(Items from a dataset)
○ ○ ○ ○

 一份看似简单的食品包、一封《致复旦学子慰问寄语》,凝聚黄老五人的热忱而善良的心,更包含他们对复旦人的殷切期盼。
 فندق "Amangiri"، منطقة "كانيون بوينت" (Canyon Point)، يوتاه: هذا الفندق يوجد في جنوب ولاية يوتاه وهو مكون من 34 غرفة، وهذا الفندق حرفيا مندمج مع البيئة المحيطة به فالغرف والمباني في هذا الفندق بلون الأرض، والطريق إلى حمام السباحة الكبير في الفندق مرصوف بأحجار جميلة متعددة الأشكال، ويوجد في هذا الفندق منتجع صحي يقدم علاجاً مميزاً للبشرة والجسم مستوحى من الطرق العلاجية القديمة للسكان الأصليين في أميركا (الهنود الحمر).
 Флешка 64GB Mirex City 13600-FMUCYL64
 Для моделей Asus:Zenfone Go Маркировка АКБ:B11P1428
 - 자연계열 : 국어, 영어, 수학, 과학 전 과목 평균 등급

○ ○ ○ ○

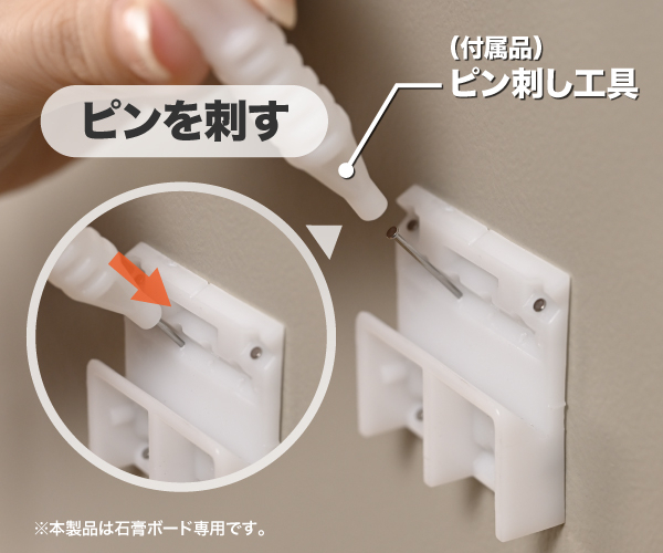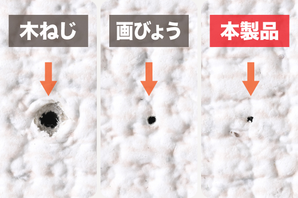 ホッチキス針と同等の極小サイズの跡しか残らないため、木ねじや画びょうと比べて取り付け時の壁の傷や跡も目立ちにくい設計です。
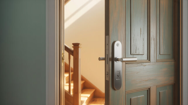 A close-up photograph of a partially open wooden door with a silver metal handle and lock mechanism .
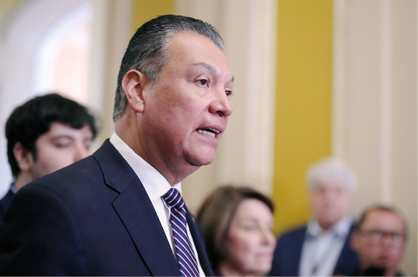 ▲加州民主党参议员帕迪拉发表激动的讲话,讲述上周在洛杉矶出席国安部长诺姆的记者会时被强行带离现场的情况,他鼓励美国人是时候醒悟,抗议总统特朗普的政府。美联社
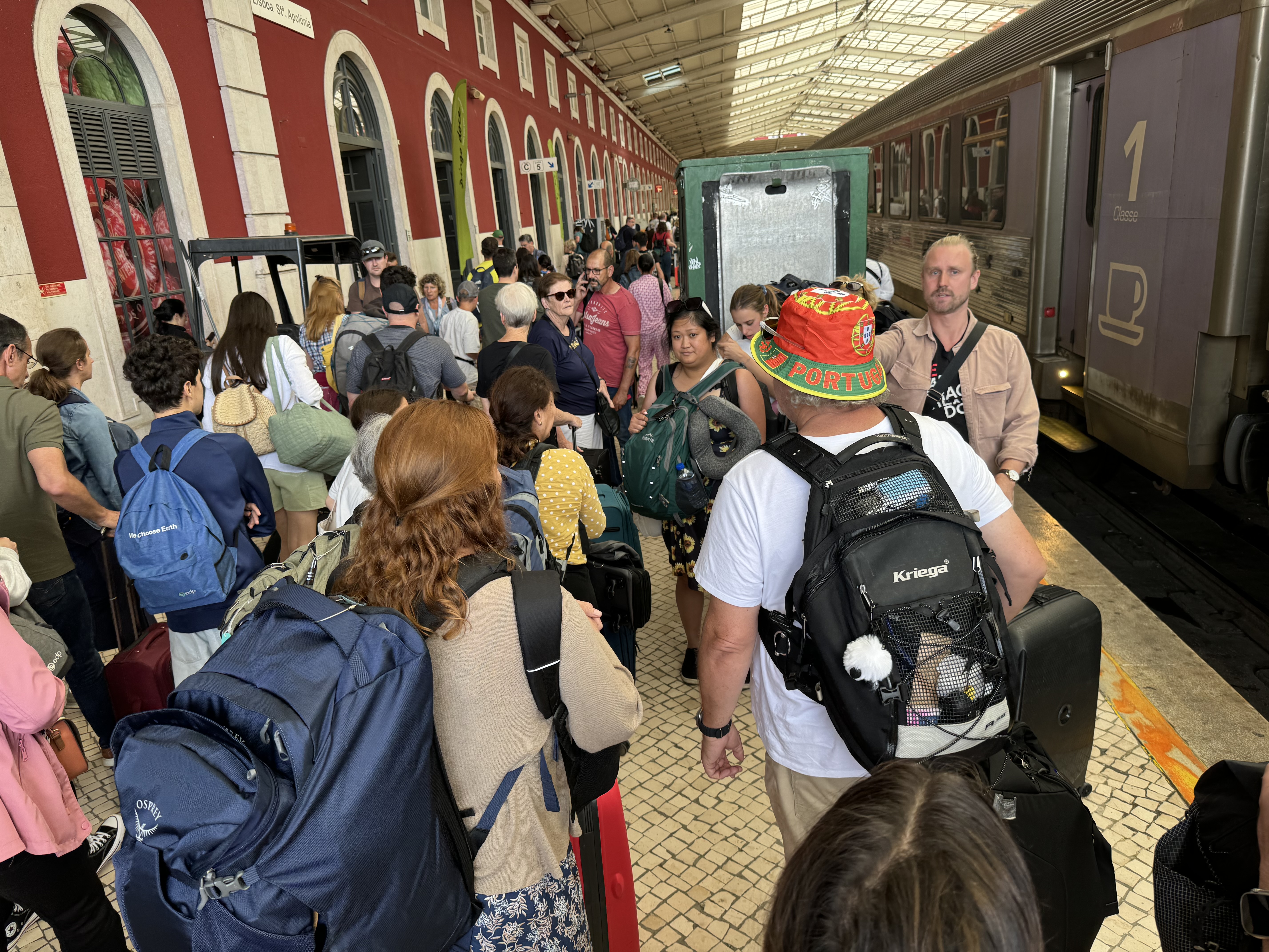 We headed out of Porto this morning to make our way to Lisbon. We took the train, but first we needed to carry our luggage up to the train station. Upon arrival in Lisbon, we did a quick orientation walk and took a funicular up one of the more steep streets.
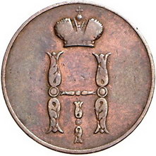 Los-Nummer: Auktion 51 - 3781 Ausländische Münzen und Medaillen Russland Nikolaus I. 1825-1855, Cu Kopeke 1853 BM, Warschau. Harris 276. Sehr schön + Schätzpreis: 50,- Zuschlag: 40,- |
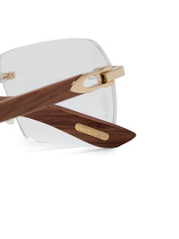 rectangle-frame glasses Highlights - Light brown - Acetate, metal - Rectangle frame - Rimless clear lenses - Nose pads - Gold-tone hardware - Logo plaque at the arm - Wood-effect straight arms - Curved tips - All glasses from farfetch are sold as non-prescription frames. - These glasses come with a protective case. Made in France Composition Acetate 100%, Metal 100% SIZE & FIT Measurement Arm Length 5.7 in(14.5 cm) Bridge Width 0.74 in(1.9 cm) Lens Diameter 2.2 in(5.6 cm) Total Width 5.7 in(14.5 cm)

○ ○ ○ ○

(Problem statement)
Of the entries above, transcribe exactly those lines that fall between the line containing "一份看似简单的食品包、一封《" and the line containing "- 자연계열 : 국어, 영어, 수학, 과학 전 과목 평균 등급", together with those two lines.

(Solution)
 一份看似简单的食品包、一封《致复旦学子慰问寄语》,凝聚黄老五人的热忱而善良的心,更包含他们对复旦人的殷切期盼。
 فندق "Amangiri"، منطقة "كانيون بوينت" (Canyon Point)، يوتاه: هذا الفندق يوجد في جنوب ولاية يوتاه وهو مكون من 34 غرفة، وهذا الفندق حرفيا مندمج مع البيئة المحيطة به فالغرف والمباني في هذا الفندق بلون الأرض، والطريق إلى حمام السباحة الكبير في الفندق مرصوف بأحجار جميلة متعددة الأشكال، ويوجد في هذا الفندق منتجع صحي يقدم علاجاً مميزاً للبشرة والجسم مستوحى من الطرق العلاجية القديمة للسكان الأصليين في أميركا (الهنود الحمر).
 Флешка 64GB Mirex City 13600-FMUCYL64
 Для моделей Asus:Zenfone Go Маркировка АКБ:B11P1428
 - 자연계열 : 국어, 영어, 수학, 과학 전 과목 평균 등급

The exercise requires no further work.